In place of Gouger's dad stepped Andy Smith, a fellow Portage grad who had known the Gouger racing reputation - but Smith didn't hook up with Joe until after his accident. "He's my arms and my legs," Gouger said. If I didn't have a friend like him, I'd be still be sitting in the garage figuring out how I could do this." "I'm more or less the muscle," said Smith, also 28. "I do the things he can't do." But when Smith starts talking about why he comes straight from work to the garage every day, it's because of his love for the cars, the sound of all that horsepower, the respect he has for Gouger and his knowledge. And it's not that he takes his best friend's situation for granted. He's climbed in his friend's spare wheelchair and gone to the mall with him, to see the ignorance and rudeness Gouger deals with every day. He has also seen the way that Gouger deals with obstacles that he constantly faces. "Not only does he not have his legs to get up and walk, but he has to use two hands to write his name, to just scribble something, to hold a tool, to hold a screwdriver or turn a ratchet," Smith said. "It's just like a little kid fumbling around a lot of the time, but he overcomes it and just keeps on going." Their friendship is easiest to see when it's time for Gouger to get behind the wheel. As it's happened a thousand times, Gouger throws his arms around Smith's neck, as Smith hugs him around the middle. Smith carries Gouger to the car, putting him in the seat where he does his best work, shoving the useless legs under the wheel, as Gouger patiently waits.

Joe Gouger Jr. just wants to blend in. Norv Nevinger hopes he rubs off. "I think he's got more heart than 10 racers put together," said Nevinger, the owner of U.S. 41 dragstrip in Morocco and the man who signed Gouger's IHRA license. "A few years ago when I started watching him," Nevinger said, "I was a little apprehensive because of liability. But after watching him race, he's as good as any of them. "If all the racers had an attitude like Gouger, there would probably be races all over the place." Gouger has been racing for four years now, and has more than 100 trips down the drag strip. He does it all with his arms, his hand controls the result of years of tinkering and perfecting, a process that's still going on. "Nobody had ever done this," Gouger said, "so somebody walking didn't know what muscles I have and what muscles I don't." He can't drive a car down the street for a loaf of bread because he let his permit run out and hasn't renewed it yet.
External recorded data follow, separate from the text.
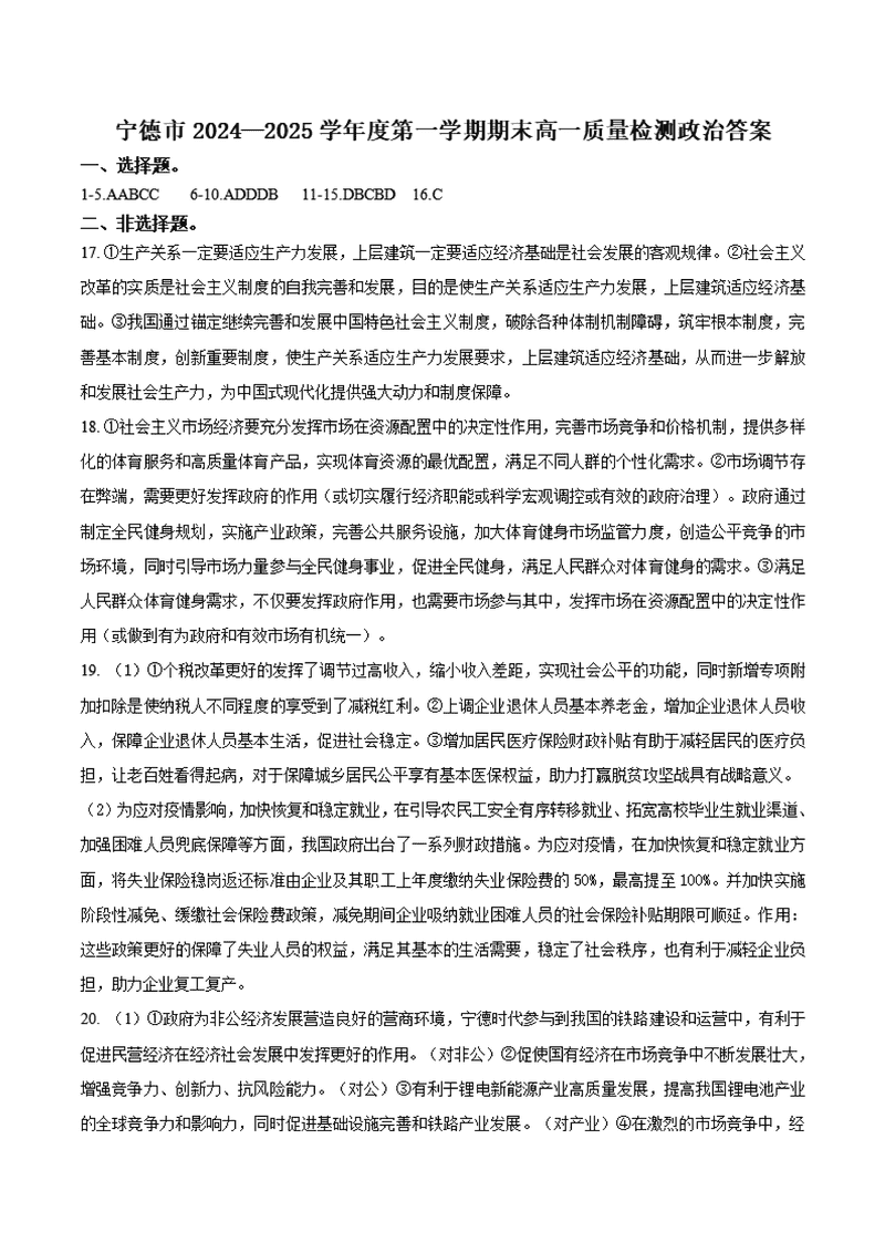 福建宁德2024-2025学年高一上学期1月期末政治试题及答案 时间:2025-01-27 福建 高中政治 福建宁德2024-2025学年高一上学期1月期末政治考试已于近日开考,为方便考生考后及时查看考试情况,查漏补缺、弥补不足,本文整理了试题答案解析相关信息! 政治试题及答案解析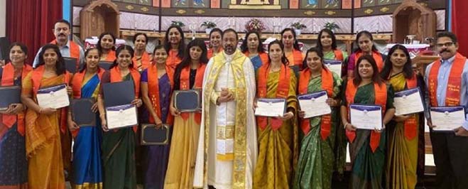 ഡാലസ്: കോട്ടയം വടവാതൂര് പൗരസ്ത്യ വിദ്യാപീഠത്തിന്റെ കീഴില് ചിക്കാഗോ സെന്റ് തോമസ് സീറോ മലബാര് രൂപതയുടെ മതബോധന ഡിപ്പാര്ട്ട്മെന്റായ മാര്ത്തോമാ തിയോളജിക്കല് ഇന്സ്റ്റിറ്റ്യൂട്ട് നടത്തുന്ന ദൈവശാസ്ത്ര പഠനത്തില്, ഡാലസ് സെന്റ് തോമസ് സീറോ മലബാര് ഫെറോനാ ദേവാലയത്തിലെ 22 അല്മായര് ഡിപ്ലോമ ബിരുദം നേടി.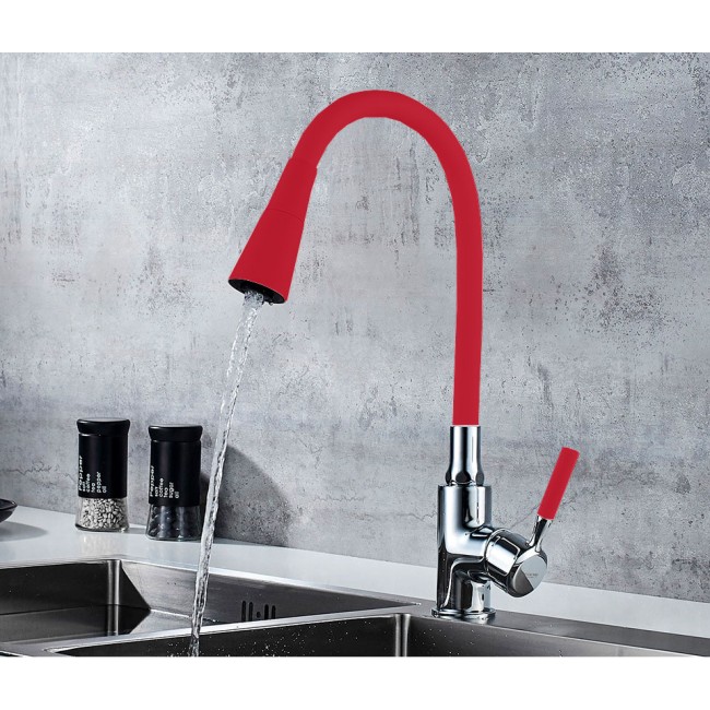 Смеситель для кухни LR4199-1 c силиконовым изливом красный+хром Zerix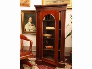 h cm 150x77x40,5 fine del XIX secolo un'anta a vetro centinata su fronte dritto, all'interno cinque scaffali, [..]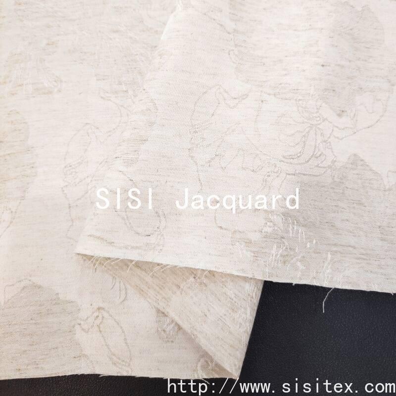 This jacquard fabric takes the classic peony pattern as its core design element and presents a three-dimensional relief-like exquisite pattern through exquisite jacquard craftsmanship. The fabric combines the luster and smoothness of rayon, the skin-friendliness and breathability of rayon, and the natural texture of linen, creating a light and smooth feel while also maintaining a natural and crisp silhouette. It is suitable for consumers who pursue the combination of high quality and artistic sense.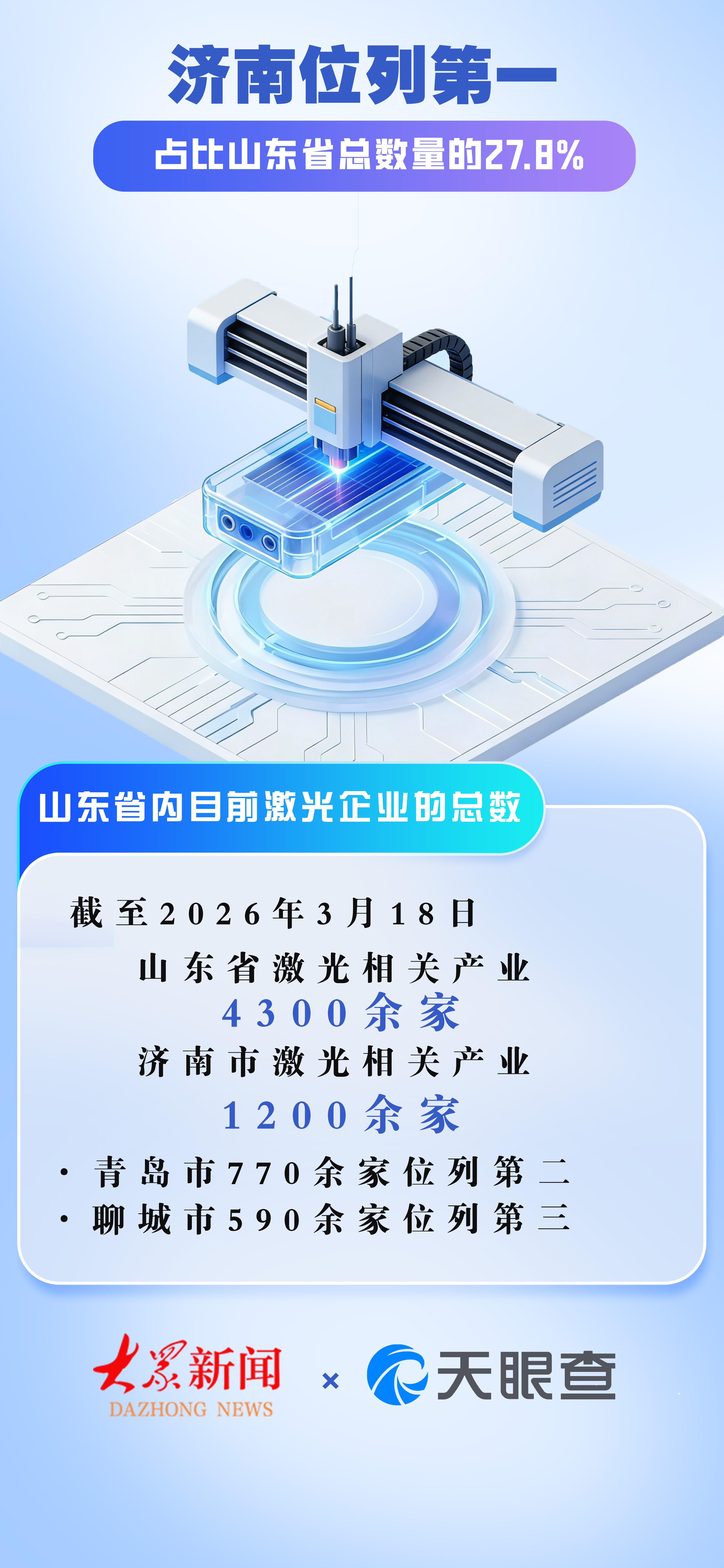 海报|济南市激光相关产业位列省内第一 占比山东省总数量的27.8%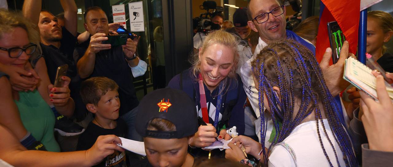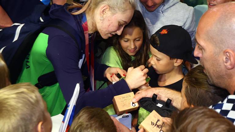 Mlado plezalko so včeraj pozno zvečer pričakali njeni navijači in najbližji.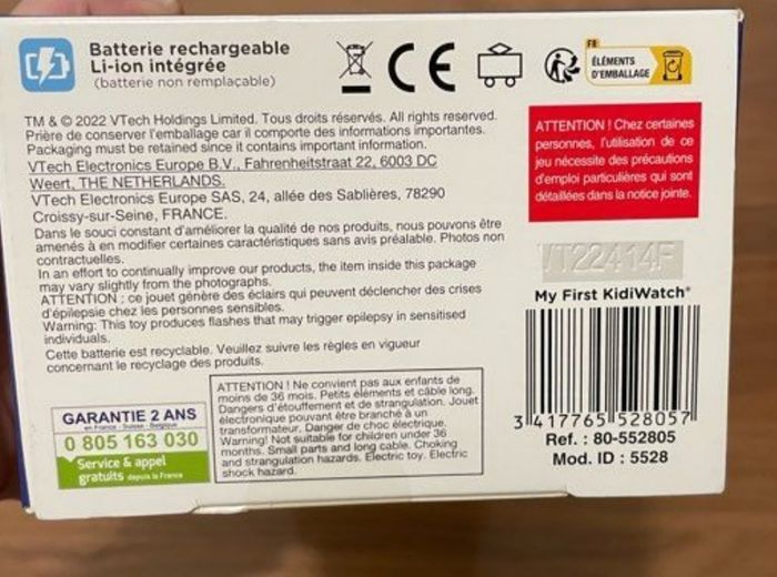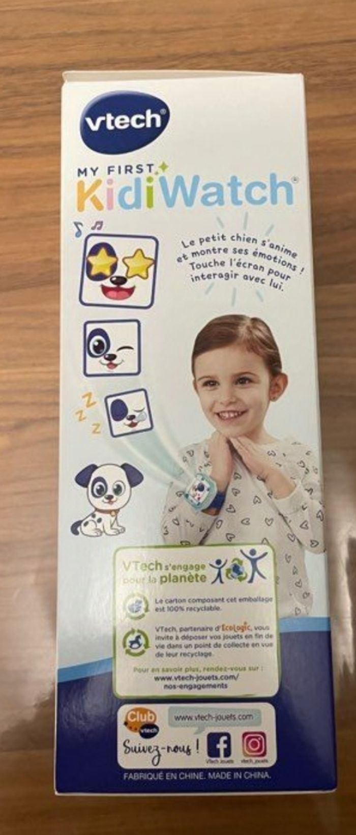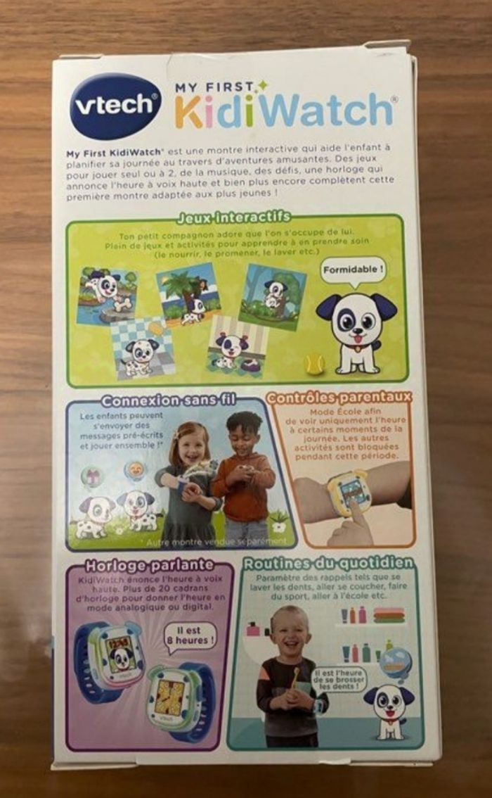 Merci de choisir mondial Relay pour la livraison Jamais ouvert Envoi possible De couleur bleue, la jolie montre NEUVE est à l'effigie d'un petit chien trop mignon. Elle s'illumine de 8 couleurs différentes pour créer des effets lumineux amusants ! Kidiwatch est la montre idéale pour permettre aux enfants, dès 3 ans, d'apprendre à lire l'heure, tout en s'amusant avec leur nouvel animal virtuel. Elle possède un écran couleur tactile de 1,44’’ à partir duquel l’enfant peut lire l’heure de façon digitale ou analogique. La montre interactive possède de nombreux fonds d’écrans, dont des écrans d’apprentissage de l’heure analogique avec un affichage des heures et des minutes, mais aussi une horloge parlante. En plus de ces fonctions classiques, la montre VTech pour enfants possède 4 jeux pour prendre soin et jouer avec son petit chien : routine quotidienne : les enfants s'amusent à prendre soin de leur animal en le toilettant, en cuisinant pour lui ou encore en partant en promenade. éducation canine : les enfants n'ont qu'à glisser leur doigt sur l'écran pour que le petit chien réponde à leurs ordres. répétition : en prononçant différentes phrases à voix haute, le petit chien s'amusera à les répéter. toutou aventure : les enfants partent à l'aventure avec leur animal. Ils doivent l'aider à traverser une rivière en sautant de rocher en rocher mais attention aux rondins de bois et aux crocodiles ! Ils découvriront également 3 mini-jeux d'observation, de logique et de rapidité, pour des heures de jeu. Pratique, ce jouet électronique éducatif fonctionne avec une batterie rechargeable intégrée. Elle possède également la fonction Bluetooth intégrée. Il est alors possible de communiquer d'une montre KidiWatch à une autre de façon sécurisée. Le bracelet souple de la montre s'adapte au poignet de l'enfant. La montre possède : la fonction arrêt automatique, 2 boutons de contrôle, 1 bouton Marche/Arrêt, 1 haut-parleur, 1 micro intégré pour interagir dans les jeux et 1 câble micro USB.

But he is racing. Gouger isn't ripping up the circuit. But he's at the point where having legs and fingers that don't work is the least of his worries. Finding the time and money to compete with the big boys is a much larger obstacle. And that's the way it should be. "My only handicap I have is not enough experience and not being a real good driver," Gouger said. "But I am learning and getting better. "When I go to a track, it's Joe Gouger in this lane and John Doe in the next. I don't advertise it. I don't want to have to rely on that. "I don't want them to say, 'Look at that crippled kid run.' "I want them to say, 'Boy that guy can race.' " The Gougers are looking into buying a car for Joe to run, getting back to the point they were, back to the deposit on the car that Gouger's dad had to get back. "I never figured he'd do it," said the older Gouger. "But he did. I'm very proud of him." It's been more than 11 years now. Gouger lives with his wife only a few blocks from Jellystone Park. He's running at the Mopar Nationals in Indianapolis this weekend.

Joe Gouger Jr. has it in his blood. He was born to race. Just like Dad.